I remember back in March a lot of people (within the field) saying AI folk should stand back and let the medical/virology community deal with Covid. This sort of thing puts paid to that attitude, IMO.

vaccinator · on Oct 31, 2020

Sounds like a job for the NSA

asdev · on Oct 31, 2020

how do you select the features for a model like this?

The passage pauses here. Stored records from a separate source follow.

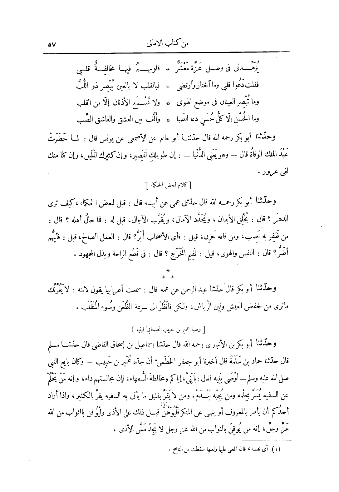 " كلام لبعض الحكماء " وحدثنا أبو بكر رحمه الله قال حدثنى عمى، عَنْ أبيه، قَالَ: قيل لبعض الحكماء، كيف ترى الدهر؟ قَالَ: يخلق الأبدان، ويجدد الآمال، ويقرب الآجال، قيل له، فما حال أهله؟ قَالَ: من ظفر به نصب، ومن فاته حزن، قيل: فأي الأصحاب أبر؟ قَالَ: العمل الصالح، قيل: فأيهم أضر؟ قَالَ: النفس والهوى، قيل: ففيم المخرج؟ قَالَ: فِي قطع الراحة وبذل المجهود
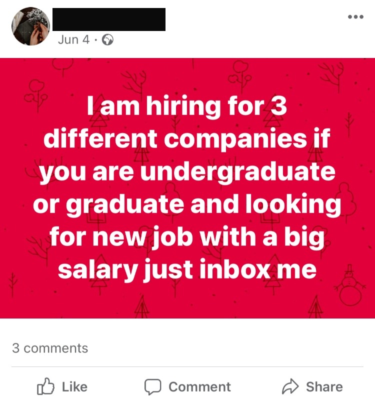 Other than Facebook, there are also many WhatsApp groups you can join as well. They can be quite effective. This approach will help cast a wider net when it comes to job hunting.
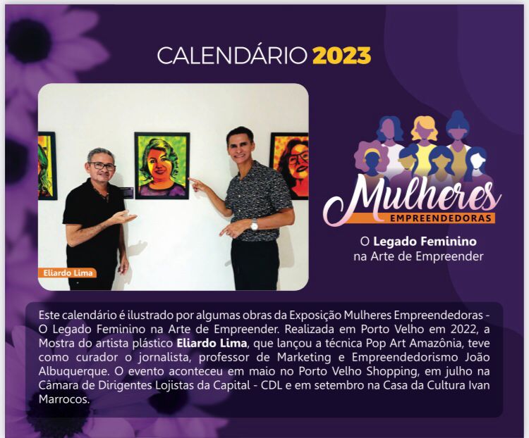 Trata- se do Calendário Mulheres Empreendedoras, que será ilustrado por doze das dezenove obras de arte da mostra do artista plástico Eliardo Lima que aconteceu em três pontos estratégicos de Porto Velho.
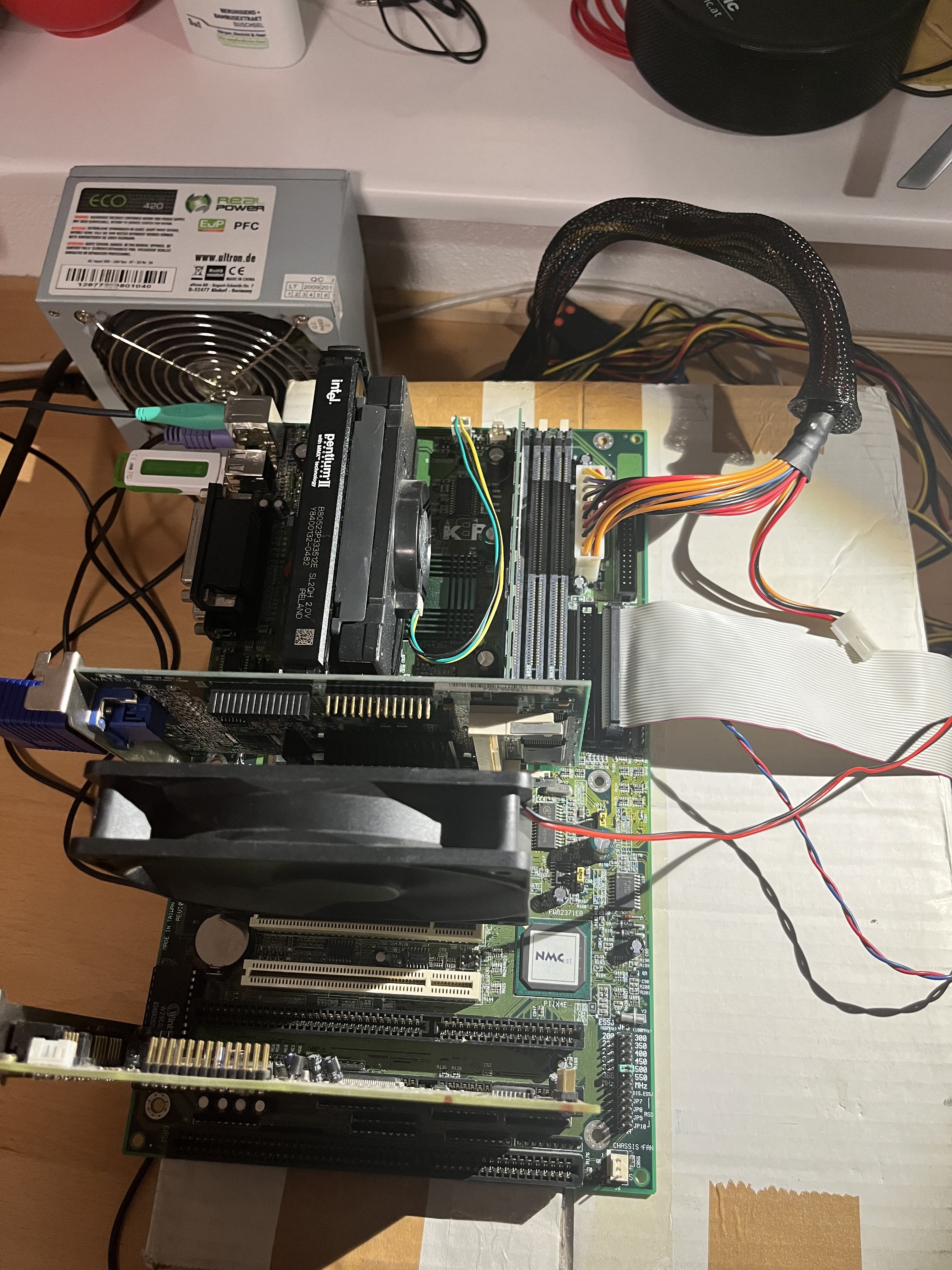 Da hockt momentan ein Pentium MMX 200 drauf mit 32 MB Ram, es ist aber eines von meinen "Hart im nehmen" MoBos, die auch ohne Probleme einen Ur 686 Cyrix oder IBM aufnehmen können, ohne dabei zum Feuerball zu werden...
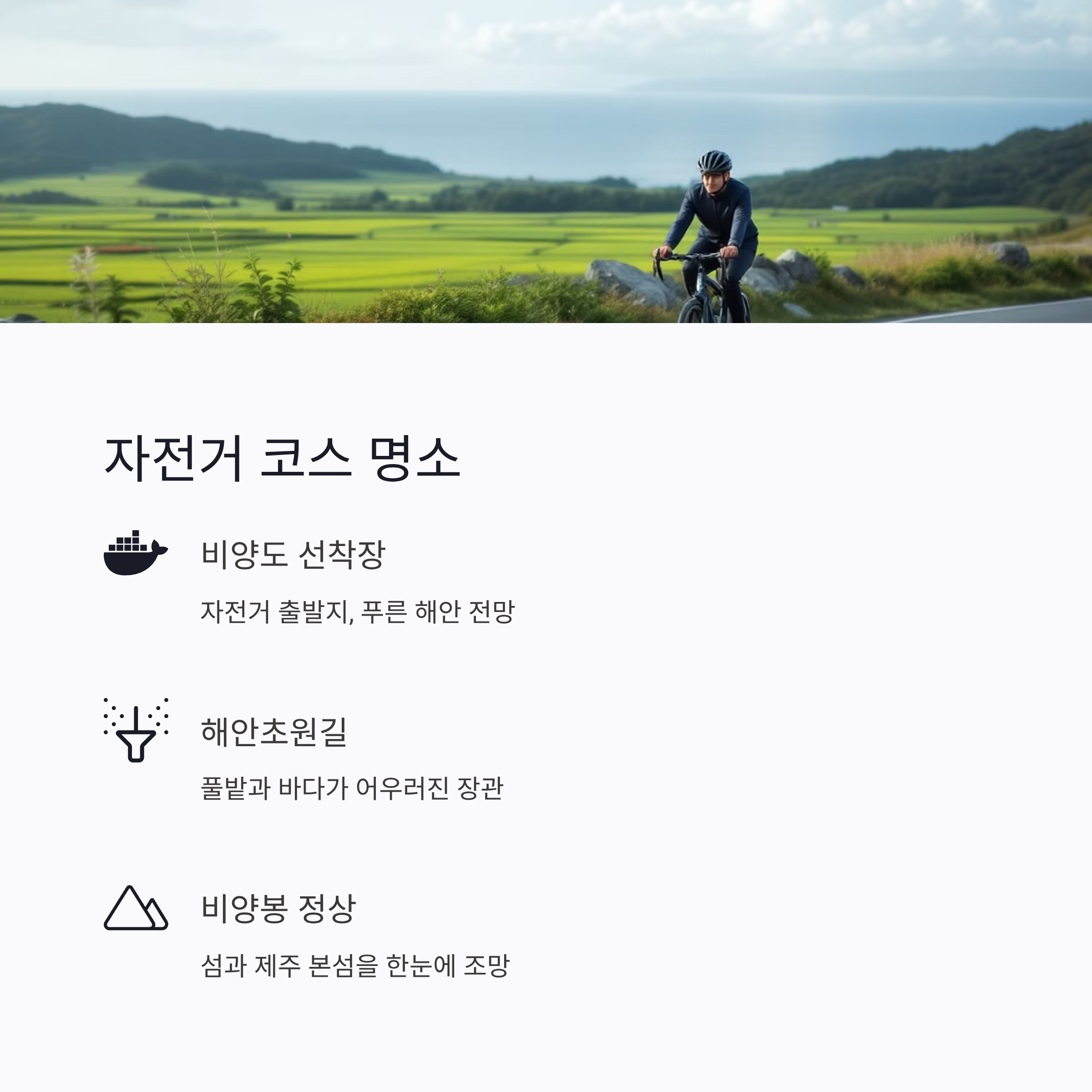 비양도 선착장 자전거 출발지. 배에서 내리자마자 펼쳐지는 푸른 해안 해안초원길 자전거길과 나란히 펼쳐진 풀밭과 바다가 장관 비양봉 정상 섬과 제주 본섬을 한눈에 조망할 수 있는 오름 전망대 방파제 포토존 파도와 하늘, 자전거가 어우러지는 인기 사진 스팟 자전거를 타고 천천히 섬을 돌다보면, 멀리 한라산이 보이고
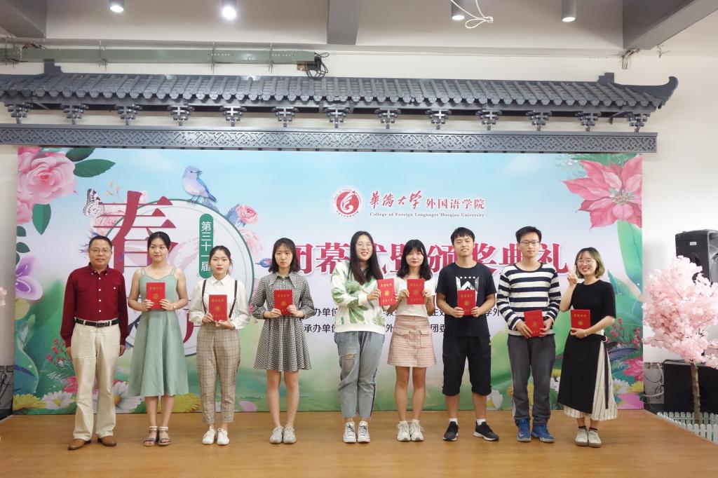 颁奖开始前,现场展示了本届春之声部分获奖赛事作品。由来自信息学院的钟宇涓、外语学院彭璐怡、毕云笛尹智贤等同学为我们分别展示了英语演讲、日语演讲、英语影视配音、日语影视配音,展现了华园学子扎实的外语基础和勇于尝试、勇于拼搏、勇于挑战的精神风貌。
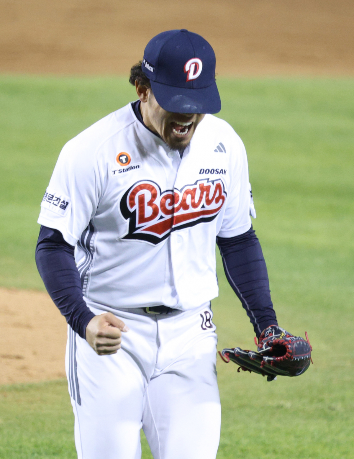 두산 타무라가 5회초 2사 3루에서 삼성 전병우를 삼진으로 돌려세운고 환호하고 있다.
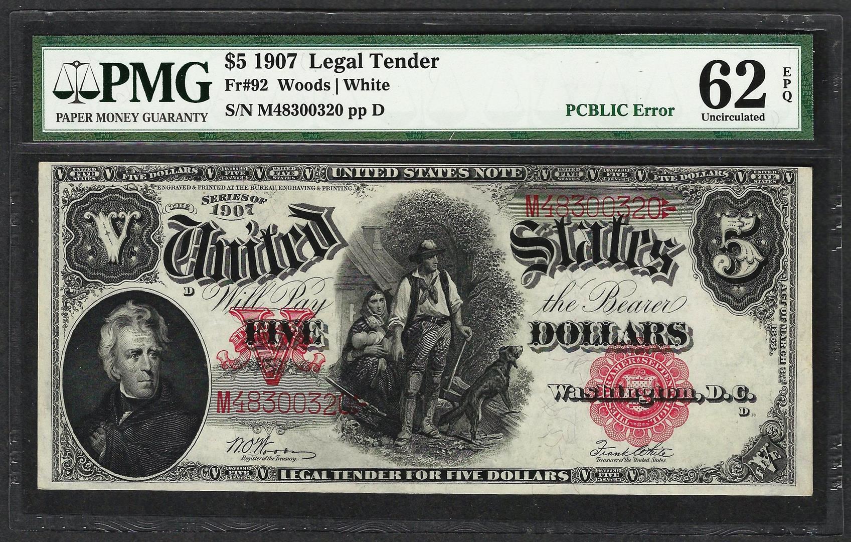 One 1907 $5 Woodchopper Legal Tender Note Fr.92 PCBLIC Error PMG Uncirculated 62EPQ. PMG Certified.
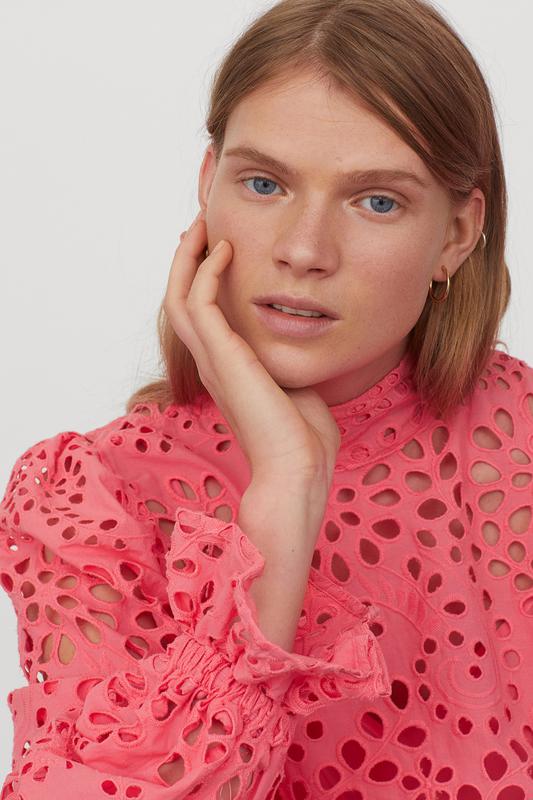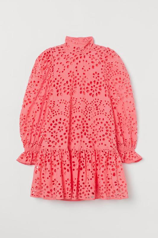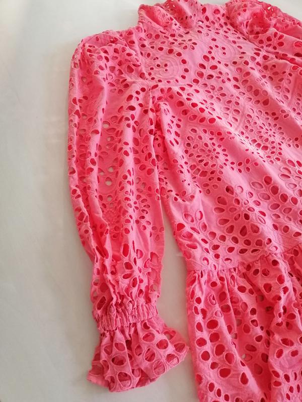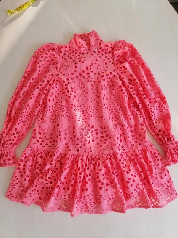 Короткое платье из воздушной хлопковой ткани с английской вышивкой . Высокий воротник-стойка, вырез на пуговице сзади на шее и широкие длинные рукава с узкой резинкой и оборкой на манжетах.
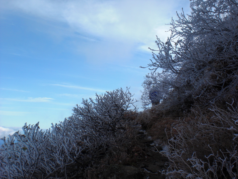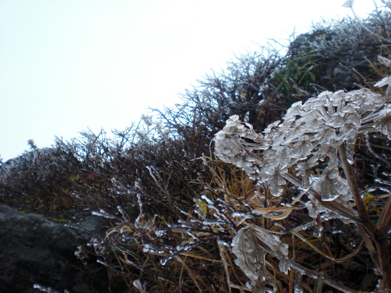 北斜面だからなのか一面の並木も凍ってる。なかなかの絶景ですよ!高所は霜が下りてますがまだまだ、山頂付近はこんなのじゃ無かったです。

propogandist · on Oct 31, 2020

what a perfect way to make the ongoing domestic spying seem like it's for "public saftey".

IgorPartola · on Oct 31, 2020

I want an Amazon Echo skill to screen anyone before they come to my house :)

Seriously, this is incredibly and if this is verified to work could be a game changer. The real thing we need to do is all get tested at once on the same day at the same time. Then those who are positive need to isolate for 2-3 weeks until they are negative again. That would completely reset us back to nearly zero. Then do this again 2-3 times and we could shove this demon back into the bottle.

maxerickson · on Oct 31, 2020

That would be insufficient, the infection takes a couple days or more to become detectable.

But we could all cough into our phones every day.

What you describe is what South Korea has done a couple of times now with more traditional testing, it certainly works if you actually do it.

IgorPartola · on Oct 31, 2020

Yeah we would need to do daily testing too. The main problem is that (a) it takes 3-5 days for the infection to become detectable and (b) it takes 1-5 days to get your test results back. So for 4-10 days you are contagious and don’t know it. Instant testing like this that works before symptoms means you could detect the infection soon as it takes hold, significantly reducing the spread rate. If our traditional testing was all rapid we would be a lot better off. Well that, and leadership that isn’t solely concerned with its own reelection in a pointless bid for staying out of prison. Both would be good.